(Dataset records begins)

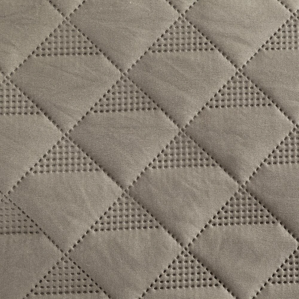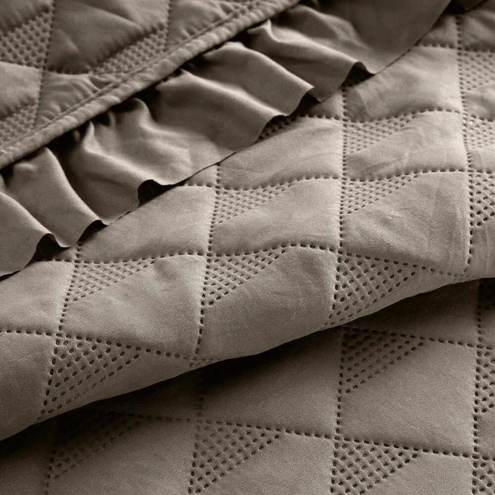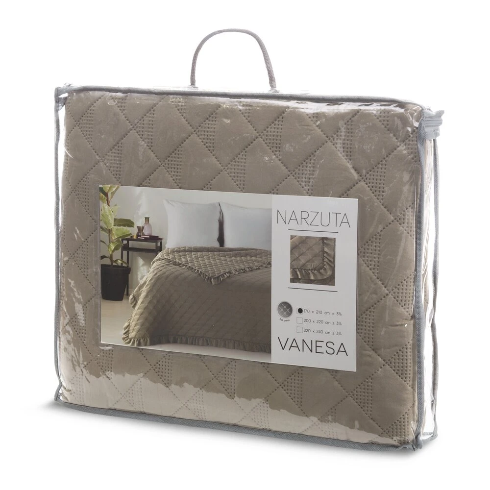 Narzuta jednokolorowa wykonana techniką hot press z falbaną szerokość: 170 cm, długość: 210 cm, kolor: ciemnobeżowy, Gramatura: 80 GSM, Skład: 100% poliester
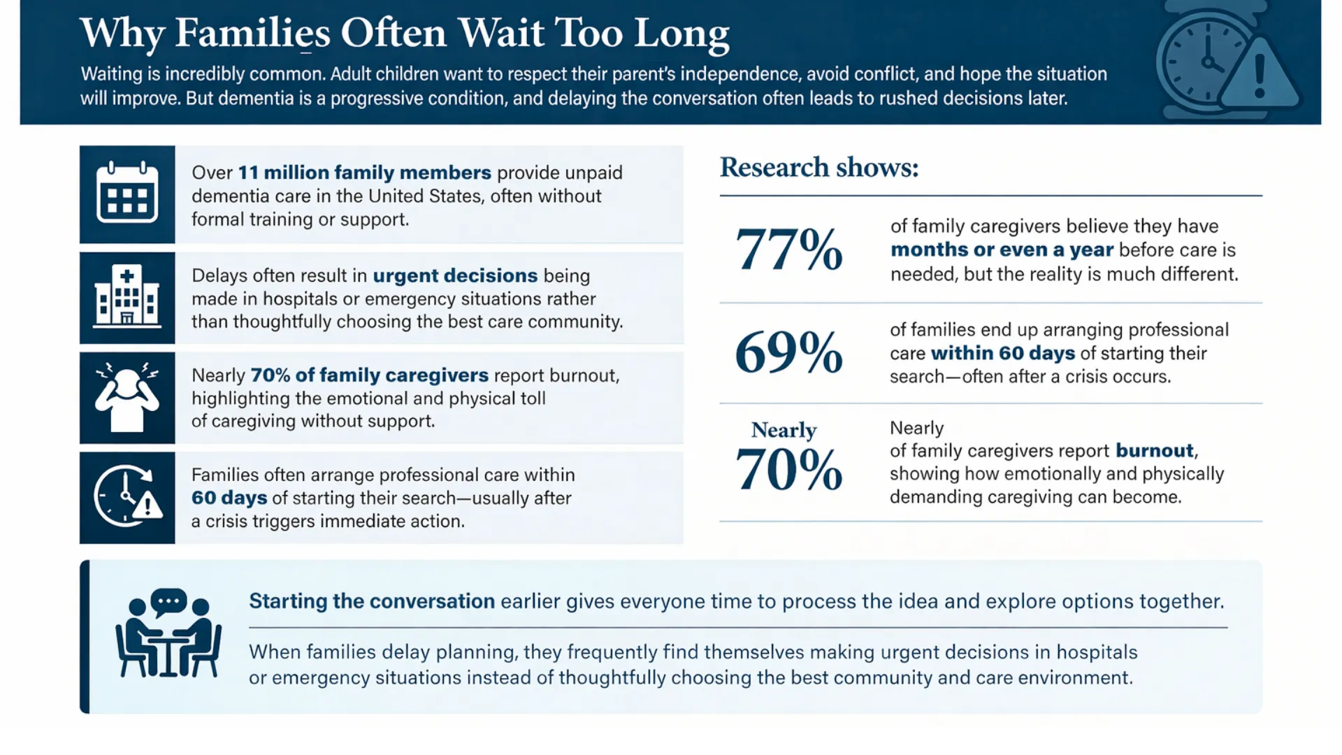 Instead, families often wait until something urgent happens—a fall, wandering incident, hospitalization, or sudden cognitive decline—and the decision must be made quickly under intense stress.
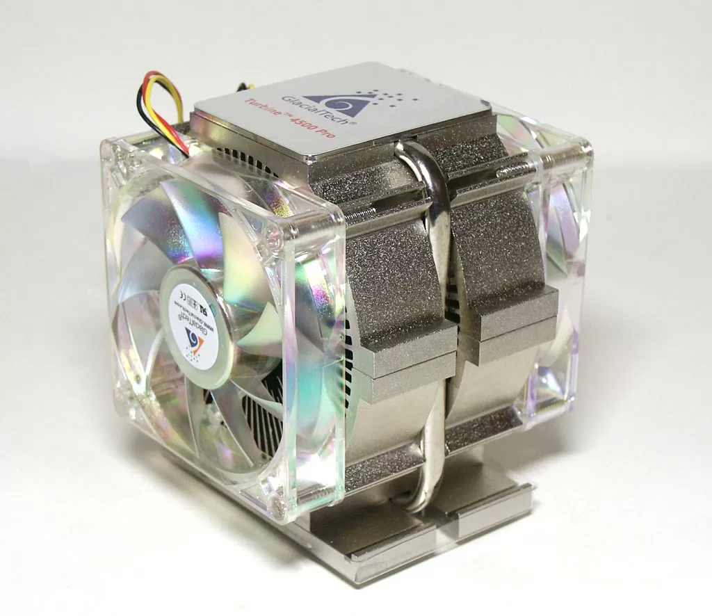 Многие производители пытались использовать эффект турбины, но потерпели фиаско. Дело в том, что заставить работать два вентилятора последовательно труднее, чем если бы они работали параллельно. В данном случае один из них установлен на вдув, а другой - на выдув. И они не должны мешать друг другу, а наоборот - должны помогать переносить воздух сквозь радиатор. Если разместить их слишком близко друг к другу, они будут сбиваться, один начнёт работать быстрее другого и появится противный вой, как у настоящей турбины. Если наоборот - слишком далеко, то не удастся достигнуть желаемого эффекта. Кстати, два устройства, включенные последовательно, снижают в два раза надёжность общей системы. И действительно, если здесь один из вентиляторов выйдет из строя, то второй должен будет не только перегонять воздух через радиатор, но и преодолевать сопротивление лопастей первого. Проще говоря, один электромоторчик будет крутить лопасти двух вентиляторов. Эффективность охлаждения от этого сильно пострадает. Поэтому GlacialTech использует вентиляторы с шарикоподшипниками.
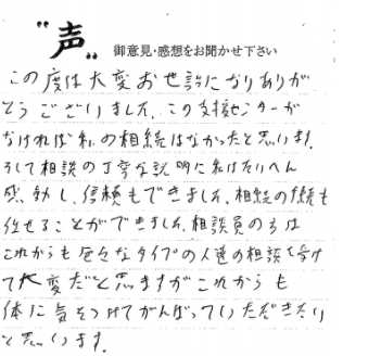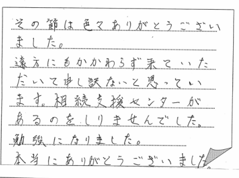 この度は、大変お世話になりありがとうございました。相続で悩んでいた時に、支援センターからお手紙を頂き、御相談に伺いました。親切にアドバイスを頂きスムーズな対応で無事に終えることができました。本当にありがとうございました。
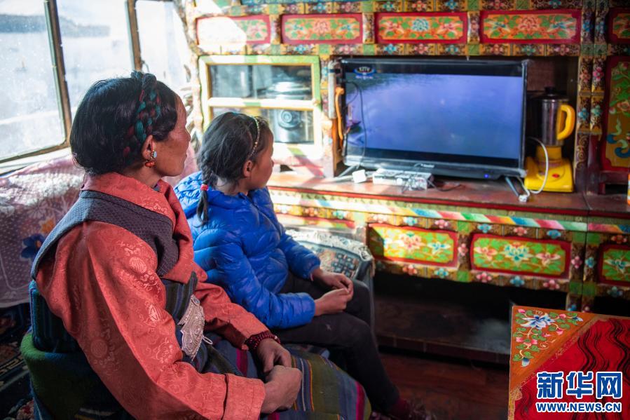 西藏日喀則市定日縣扎西宗鄉托桑林村村民格桑(左)和女兒在看電視(2020年1月20日攝)。 新華社記者孫非 攝
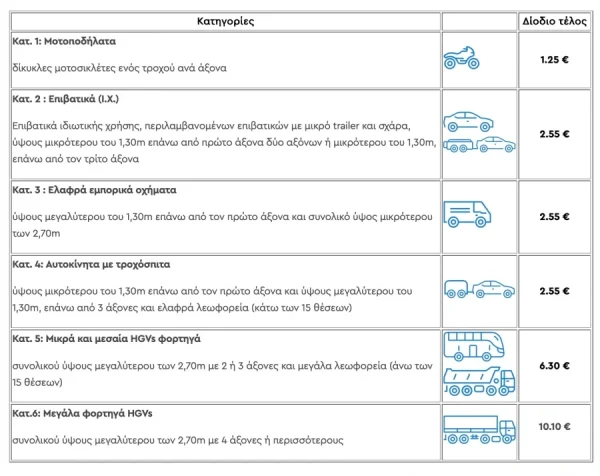 Κατηγορία 5 – Μικρά και μεσαία φορτηγά, καθώς και μεγάλα λεωφορεία: 6,30 €
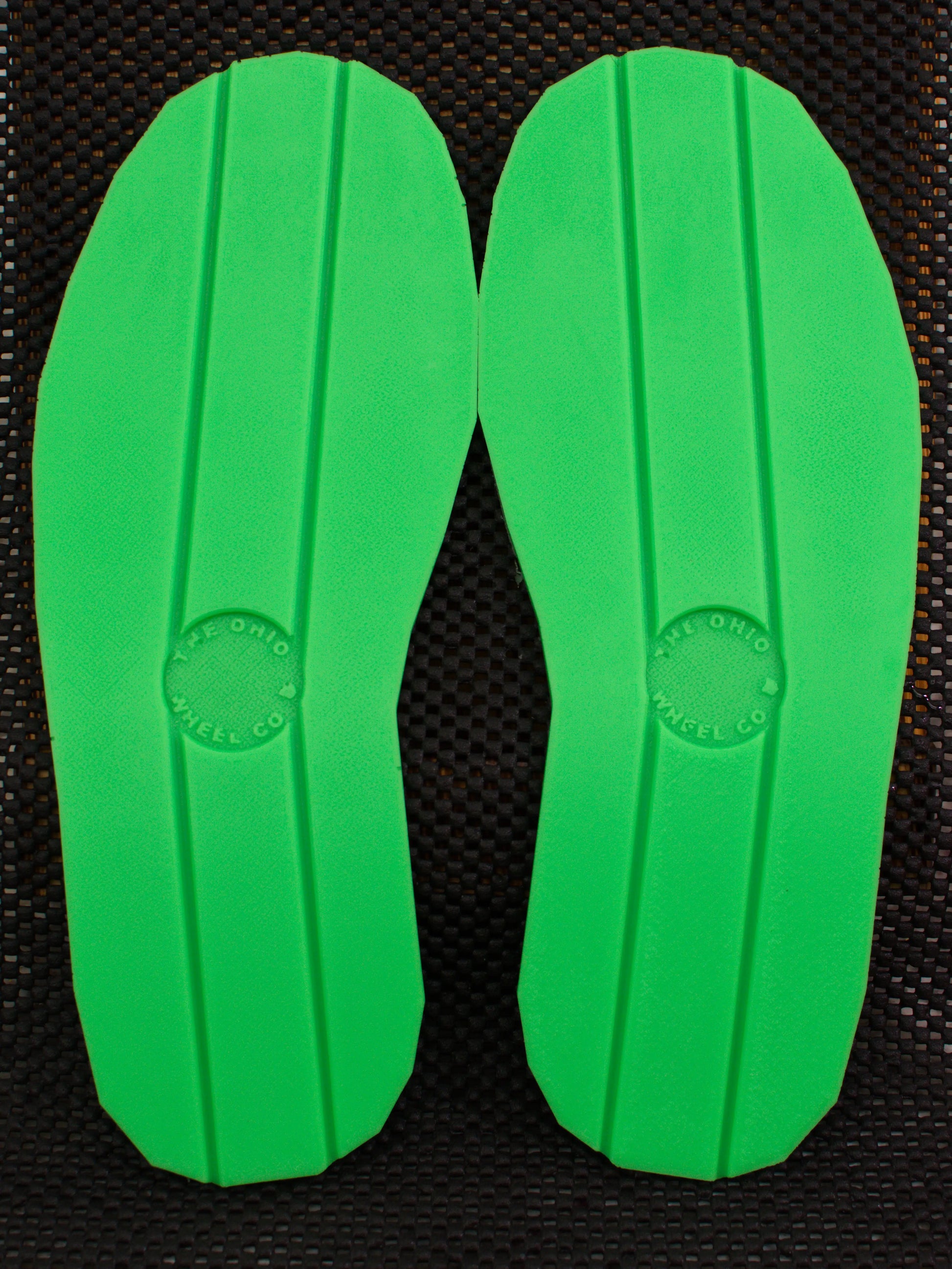 Ohio Wheel Co brake soles are compounded with special additives that cannot be machine-poured like a skateboard wheel. This means that every set of soles is hand-measured, blended, and poured by someone who skates.
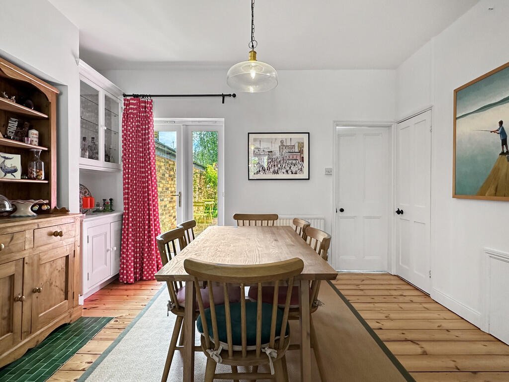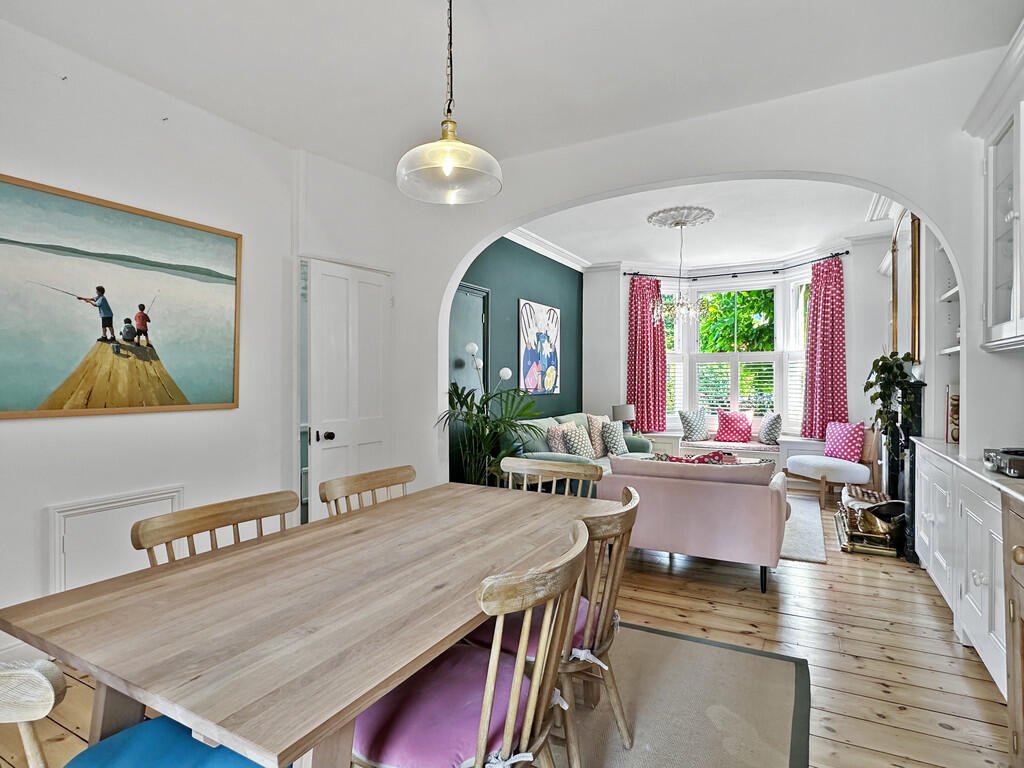 of the property. You are greeted with the characterful entrance corridor and reception hall, fitted with original treated wooden floorboards that continue into the living and dining area. Complete with large bay window and seating area. There is built in display storage and alcoves on either side of the feature cast-iron fireplace. Access leads to the side terrace, via an external door.

(Dataset records ends)

Directions – In your answer, copy exactly the lines running from the line with "Ohio Wheel Co" to the end of the material above, both included, and omit all pictures.

Solution to the problem –
 Ohio Wheel Co brake soles are compounded with special additives that cannot be machine-poured like a skateboard wheel. This means that every set of soles is hand-measured, blended, and poured by someone who skates.
 of the property. You are greeted with the characterful entrance corridor and reception hall, fitted with original treated wooden floorboards that continue into the living and dining area. Complete with large bay window and seating area. There is built in display storage and alcoves on either side of the feature cast-iron fireplace. Access leads to the side terrace, via an external door.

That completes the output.